Little wonder that Muslim moderates are reluctant to confront the extremists. Debate with such people is not conducted on the level of ideas but in terms of who is most willing to murder his opponent. On that level the extremists certainly win.

Meanwhile, Asia Bibi continues to languish in prison for the crime of being Christian. That's not the official charge against her, of course - she is accused of slurring the Prophet - but anyone who has seen the movie The Stoning of Soroya M. knows how such accusations work in that part of the world. Nevertheless, even if it's true that she uttered something defamatory about the revered figure, sentencing her to execution for the offense certainly suggests that the Pakistani judicial system has a long way to go before Westerners see it as anything but barbaric.

Moral Darwinism

Tom Gilson reviews Benjamin Wiker's excellent book Moral Darwinism: How We Became Hedonists and in the review makes this trenchant observation:
The Western world’s moral battles are not just differences of preference or opinion. They are the result of living in different worlds entirely. One of those worlds is built on an unsupported and unsupportable set of faith statements about the nature of reality, concocted not from evidence but in support of a particular moral view, which is in turn closely associated with what is believed to be our condition after death. It is a view that extends far back into antiquity but remains enormously influential in spite of modern-day scientific findings to the contrary. The rival world, the one that is forever at odds with the one just described, is that of the Christian theist.
Gilson goes on to write:
That is the point of Benjamin Wiker’s book. Unlike what I have just done (almost inexcusably, for those who would be inclined to disagree mightily with it), Wiker supports it with three hundred pages of historical and philosophical evidences.

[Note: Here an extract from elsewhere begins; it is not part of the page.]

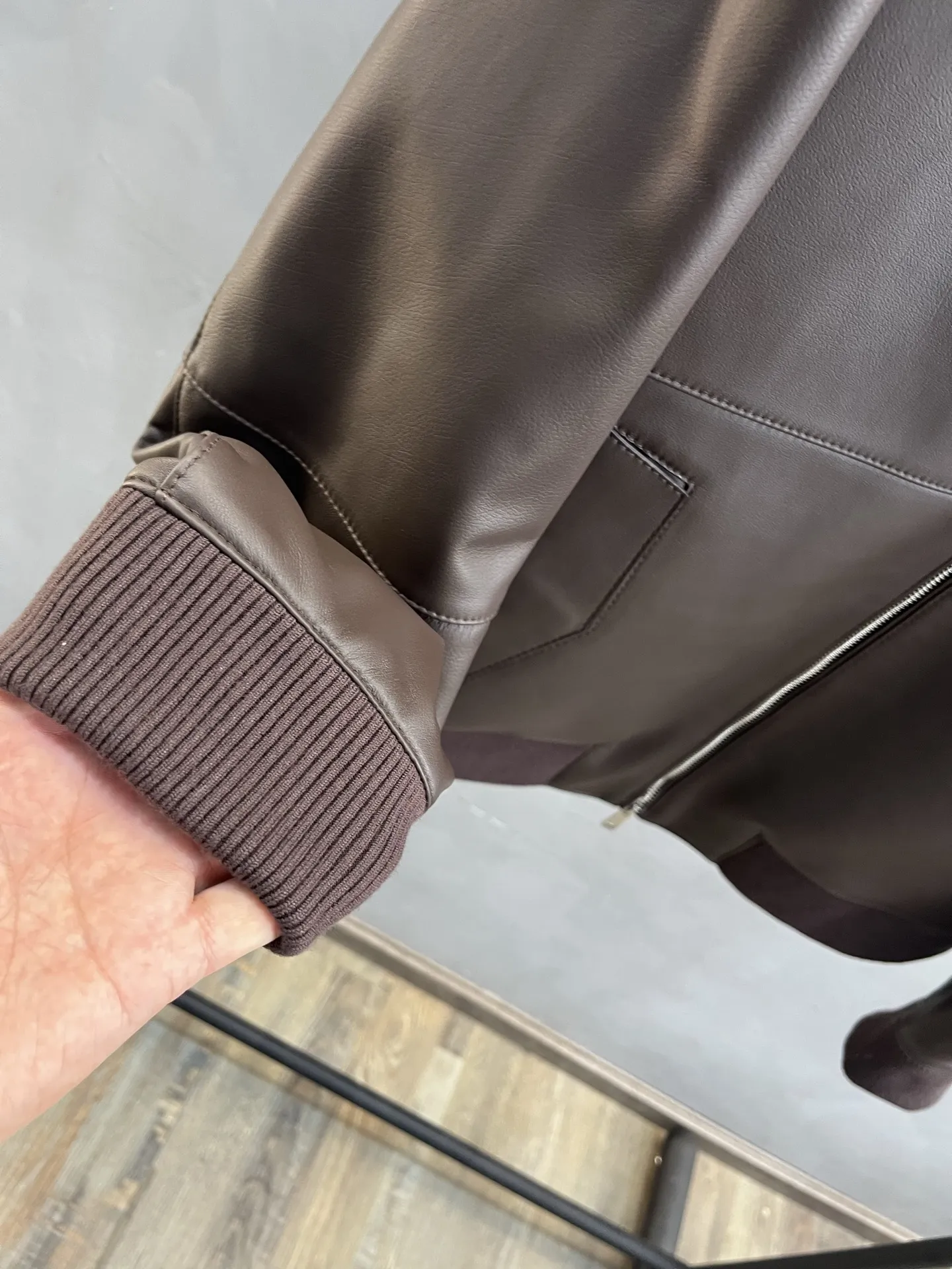 Мужская кожаная куртка от Zegna представляет собой воплощение элегантности и стиля. Изготовленная из высококачественной кожи, она отличается гладкой текстурой и глубоким коричневым оттенком, который придаёт изделию роскошный вид.

The first world is that of Epicurus (341 BC – 270 BC). Thousands of years after his death, Epicurus remains astonishingly contemporary as the father of philosophical materialism and what is today known as scientific reductionism.
It's been some years since I've read Wiker's book (it was published in 2002), but I remember being impressed with it's scholarship and his fascinating account of the millenia-long dance between the worldviews of materialistic naturalism and Christian theism. From Epicurus to the philosophes of the French Enlightenment to the progeny of the European Enlightenment into the 20th century naturalist thinkers have struggled to offer people the possibility of ethics without God.

The project has been an utter failure, but, as Nietzsche has Zarathustra proclaim, the masses have yet to fully grasp the consequences of the death of the God they have "slain". Too many moderns still labor under the illusion that God is not necessary for morality, that man's liberation from the faith of his fathers frees him to live by the higher and purer lights of human conscience and reason. When the scales fall from their eyes, when they realize as Nietzsche did, that reason and conscience give no foundation or basis for the belief that we have objective moral duties, what then? Will they reject materialism and embrace faith or will they reject faith still and follow the logic of materialism in its spiraling descent into moral nihilism?

I urge readers interested in understanding why materialism and Christianity are ethically immiscible to read Gilson's post and, even more, to read the book itself which can be ordered at our favorite bookstore. Moral Darwinism: How We Became Hedonists is a college course all in itself.

Thanks to Bradford at Telic Thoughts for pointing us to Gilson's review.